Given records START
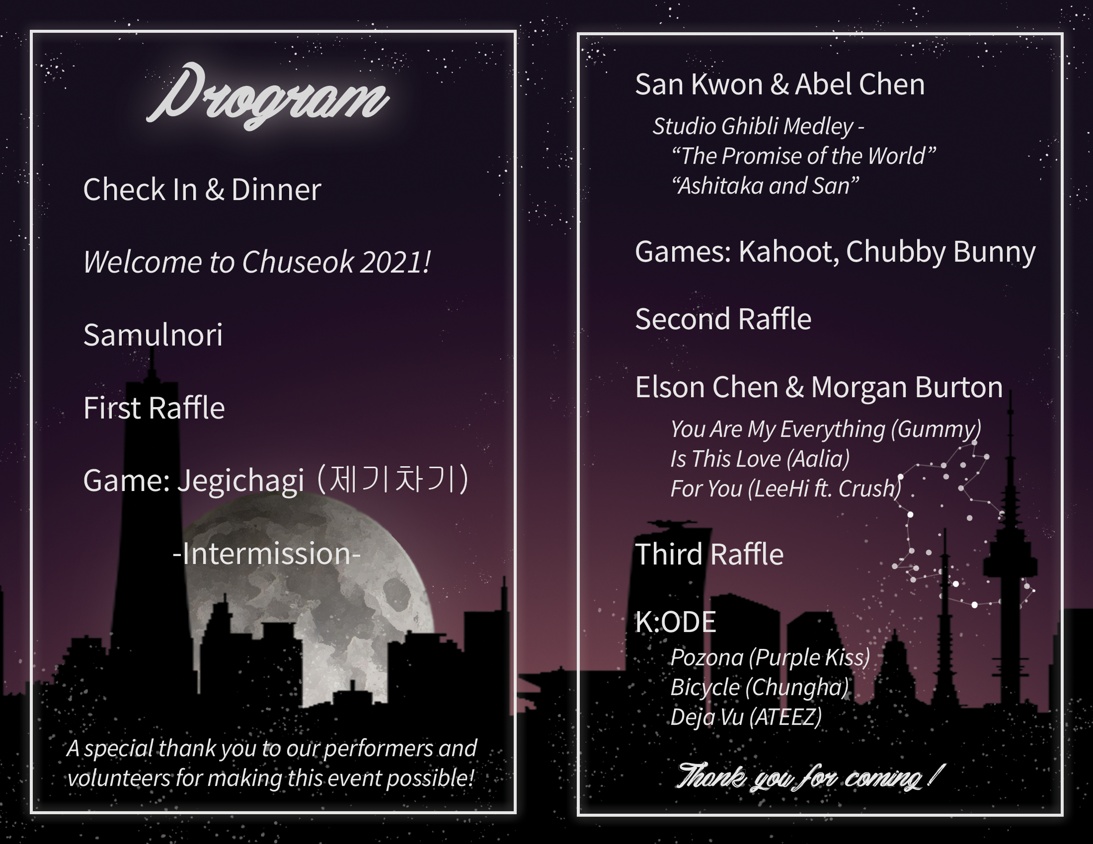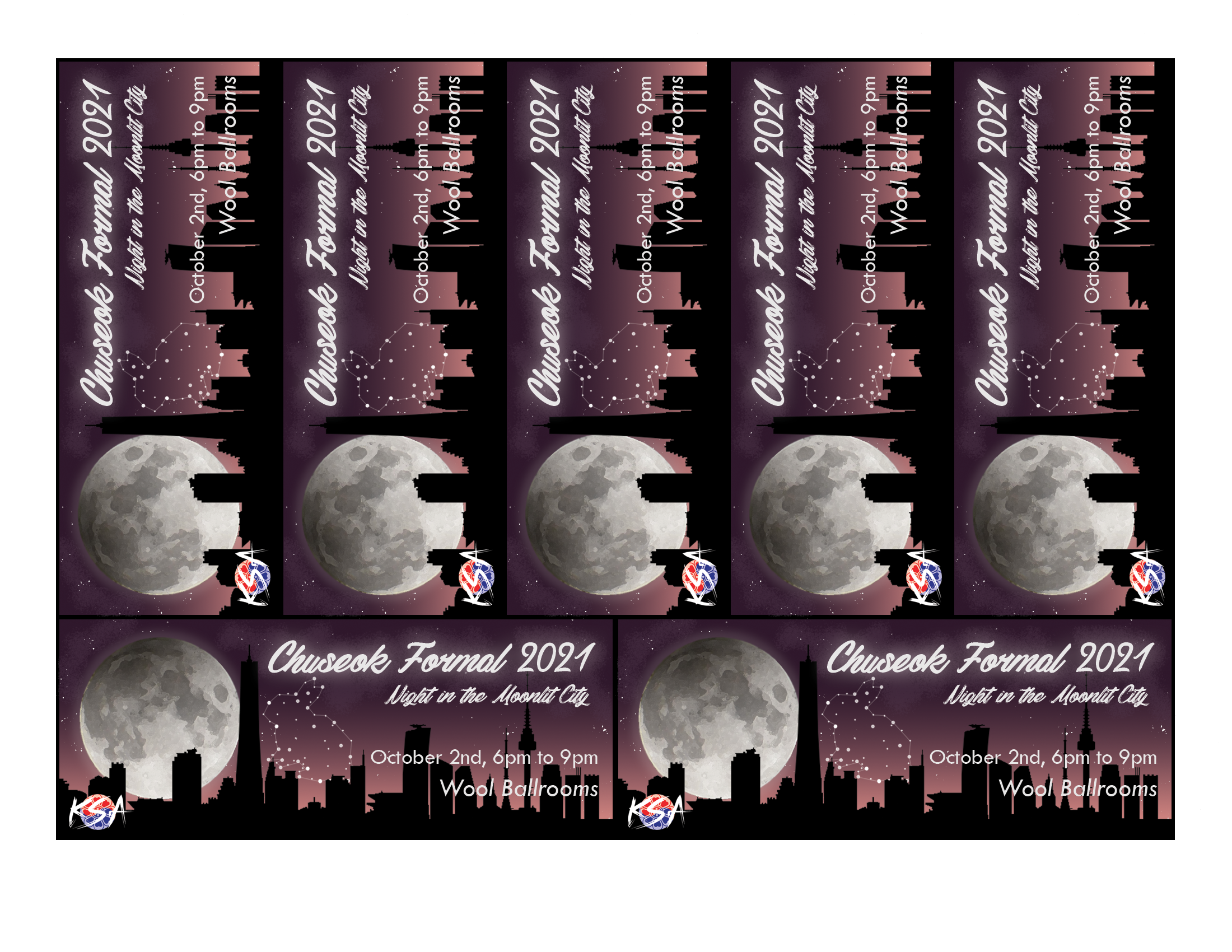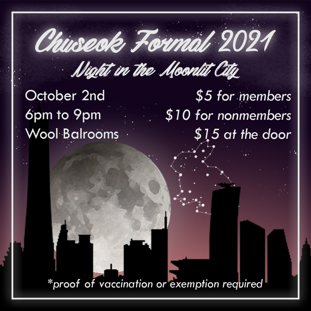 As with Chuseok 2019, these are the different forms the design for Chuseok 2021 took. In addition to the Facebook event banner, PowerPoint slide and template, 11×17 promotional flyer, 8.5×11 program, printed tickets, and Snapchat filter, I also created the design an Instagram post. The design went through several layers of critique from the rest of the executive board until we arrived at this final design.
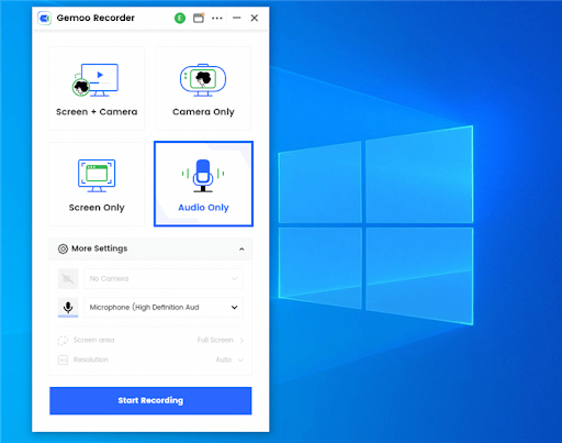 Step 1. Download Gemoo Recorder for free and launch it on your computer. Then, select the Audio Only option from the options displayed on the screen.
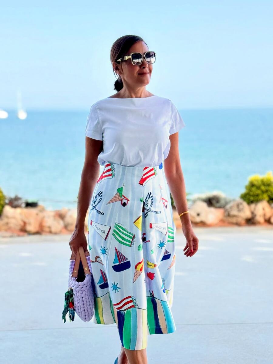 Иногда достаточно одной детали, чтобы образ заиграл — и не важно, сколько вам лет, 35 или 65. Женщинам старше 55 часто внушают, что стиль — это дорого, сложно и требует смелости. Но правда в том, что шикарно выглядеть можно и без радикальных изменений гардероба. Главное — знать несколько стилистических приёмов, которые освежают, украшают и при этом не выдают усилий. На этих образах — живые примеры: как с помощью цвета, фактуры и грамотной сборки можно выглядеть достойно, уверенно и современно. Без брендов, без глянца, без давления. Вот на что стоит обратить внимание: 1. Белая база и яркие детали Белоснежная хлопковая блузка + пёстрая юбка миди с рисунком парусов — отличный летний тандем. Простота верха компенсируется активностью низа, а такой приём помогает зрительно вытянуть силуэт и освежить лицо. Не пропустите акцент — массивная вязаная сумка с цветным платком: недорогой способ добавить индивидуальности. 2. Минимум макияжа — максимум аксессуаров Крупные очки, аккуратная укладка, у
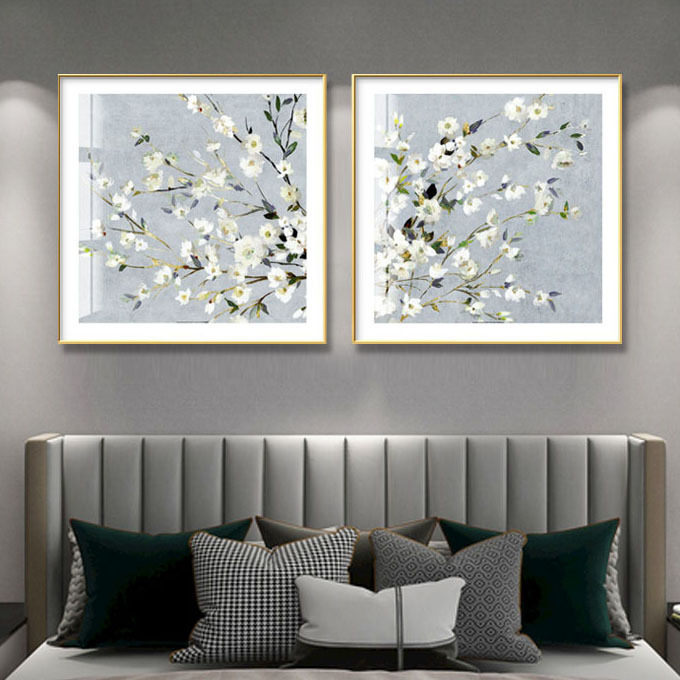 メーカー直販クリーム風客間装飾画現代花卉玄関掛け画寝室ソファー背景着地壁画
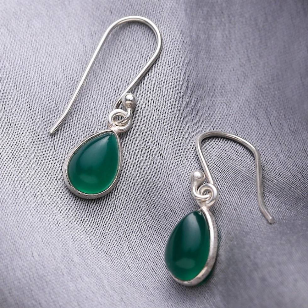 Green Onyx and Sterling Silver Teardrop Dangle Earrings 'Gentle Tear in Green' Item ID: 2671621477
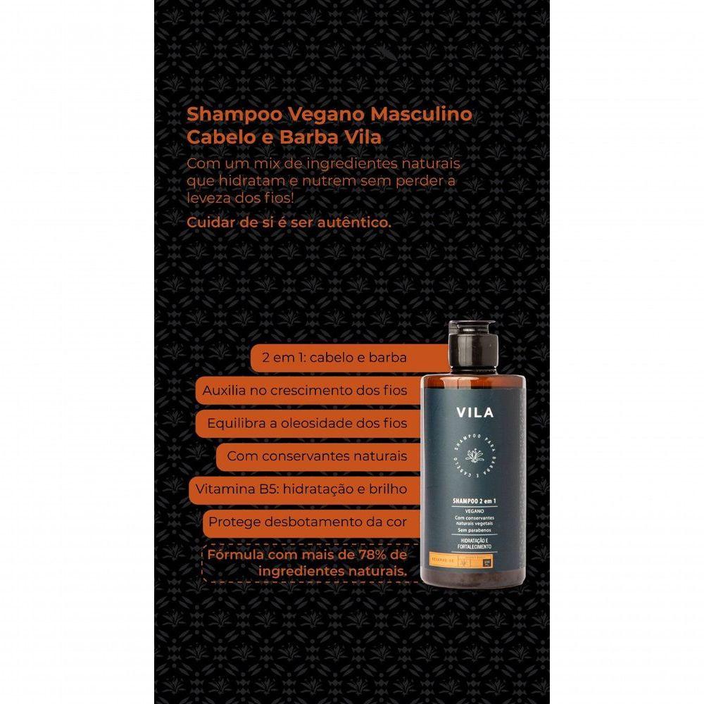 Shampoo Vegano Masculino Cabelo E Barba Vila 250mlShampoo Multifuncional Masculino Cabelo e Barba Vila 250mlShampoo multifuncional para cabelo e barba com propriedades que hidratam e fortalecem os fios, promovendo limpeza profunda mantendo a leveza e suavidade de cabelos saudáveis.Nosso shampoo cabelo e barba é rico em D-pantenol, uma vitamina poderosa que age formando um filme lubrificante sobre os fios, promovendo hidratação duradoura, prevenindo danos e adicionando brilho. Sua ação anti-inflamatória é muito benéfica para o couro cabeludo, já que muitas condições incômodas como caspa, dermatite seborreica, queda dos fios, coceira, entre outros, são originadas por processos inflamatórios. Sua textura leve e não gordurosa ajuda também a equilibrar a oleosidade.O uso frequente do nosso shampoo cabelo e barba gera grandes resultados para os fios, reduzindo queda e caspa.Fórmula desenvolvida especialmente para homens que buscam estilo e personalidade sem perder a praticidade.Cuidar de si é ser autêntico.Ingredientes ativos:Mix de proteínas hidrolisadas de arroz, trigo, quinoa e linhaça: Aminoácidos e fibras de alta compatibilidade com os fios, proporcionando recuperação, luminosidade e força;D-pantenol (pró-vitamina B5): Brilho e hidratação de longa duração. Age formando um filme lubrificante sobre os fios, promovendo hidratação duradoura, prevenindo danos e adicionando brilho. Sua ação anti-inflamatória também pode ser muito benéfica para o couro cabeludo, já que muitas condições incômodas como caspa, dermatite seborreica, queda dos fios, coceira, entre outros, são originadas por processos inflamatórios. Sua textura leve e não gordurosa ajuda também a equilibrar a oleosidade dos fios;Extrato de cana-de-açúcar: Hidratação e alinhamento das cutículas dos fios da barba e do cabelo, reduzindo o frizz;Extrato de orquídea: Maciez e Hidratação;Extrato de Goji Berry e Blueberry: Ricos em diferentes tipos de vitamina pro cabelo, como vitamina B, C e E. As vitaminas C e E têm ação antioxidante que retarda o nascimento de fios brancos, previne o desbotamento dos fios e o envelhecimento capilar e as vitaminas do complexo B ajudam a dar brilho e maciez aos fios;Conservante vegetal: Blend de ésteres 100% vegetais com certificação orgânica ECOCERT que, além de conservarem o produto, promovem emoliência e hidratação à pele e cabelos.Fórmula com mais de 78% de ingredientes naturais.Características Gerais do Produto:- Benefícios do Produto: Promove limpeza e hidratação. Produto rico em ingredientes naturais e orgânicos. Ingredientes ativos: Mix de proteínas hidrolisadas de arroz, trigo, quinoa e linhaça: Aminoácidos e fibras de alta compatibilidade com os fios, proporcionando recuperação, luminosidade e força. D-pantenol (pró-vitamina B5): Brilho e hidratação de longa duração. Extrato de cana-de-açúcar: Hidratação e alinhamento das cutículas dos fios da barba e do cabelo, reduzindo o frizz.- Código Anvisa: 25351.294541/2020-91- Ingredientes: Composição: Aqua, Sodium Laureth Sulfate, Decyl Glucoside, Cocamidopropyl Betaine, Cocamide MEA, Acetamide MEA, Glyceryl Caprylate*, Glyceryl Undecylenate*, Parfum, Stearamidopropyl Dimethylamine, Panthenol, PEG-150 Distearate, Glycol Distearate, Dimethiconol, Guar Hydroxypropyltrimonium Chloride, Phalaenopsis Amabilis Extract, Polyquaternium-10, Dipropylene Glycol, Amodimethicone, Coco-Glucoside, Sodium Gluconate, Hydrolyzed Rice Protein, Saccharum Officinarum (Sugar Cane) Extract, Benzyl Alcohol, Glyceryl Oleate, Glyceryl Stearate, Hydrolyzed Linseed Seed, Hydrolyzed Quinoa, Hydrolyzed Wheat Protein, Lycium Barbarum Fruit Extract, Vaccinium Myrtillus Fruit Extract, Sodium Benzotriazolyl Butylphenol Sulfonate, Cyclotetrasiloxane, Propanediol, Cetrimonium Chloride, Citric Acid, Cyclopentasiloxane, TEA-Dodecylbenzenesulfonate, Trideceth-12, Vegetable Glycerin, Benzoic Acid, Sodium Benzoate, Cynara Scolymus Leaf Extract. *Conservantes vegetais. Sem adição de cloreto de sódio.
Given records END
▸ Task description
Print, exactly and with no pictures, the lines of the listing above starting at the one that has "Иногда достаточно одной" and ending at the one that has "メーカー直販クリーム風客間装飾画現代花卉玄関掛け画寝室ソファー背景着地壁画", both included.

▸ Your solution
 Иногда достаточно одной детали, чтобы образ заиграл — и не важно, сколько вам лет, 35 или 65. Женщинам старше 55 часто внушают, что стиль — это дорого, сложно и требует смелости. Но правда в том, что шикарно выглядеть можно и без радикальных изменений гардероба. Главное — знать несколько стилистических приёмов, которые освежают, украшают и при этом не выдают усилий. На этих образах — живые примеры: как с помощью цвета, фактуры и грамотной сборки можно выглядеть достойно, уверенно и современно. Без брендов, без глянца, без давления. Вот на что стоит обратить внимание: 1. Белая база и яркие детали Белоснежная хлопковая блузка + пёстрая юбка миди с рисунком парусов — отличный летний тандем. Простота верха компенсируется активностью низа, а такой приём помогает зрительно вытянуть силуэт и освежить лицо. Не пропустите акцент — массивная вязаная сумка с цветным платком: недорогой способ добавить индивидуальности. 2. Минимум макияжа — максимум аксессуаров Крупные очки, аккуратная укладка, у
 メーカー直販クリーム風客間装飾画現代花卉玄関掛け画寝室ソファー背景着地壁画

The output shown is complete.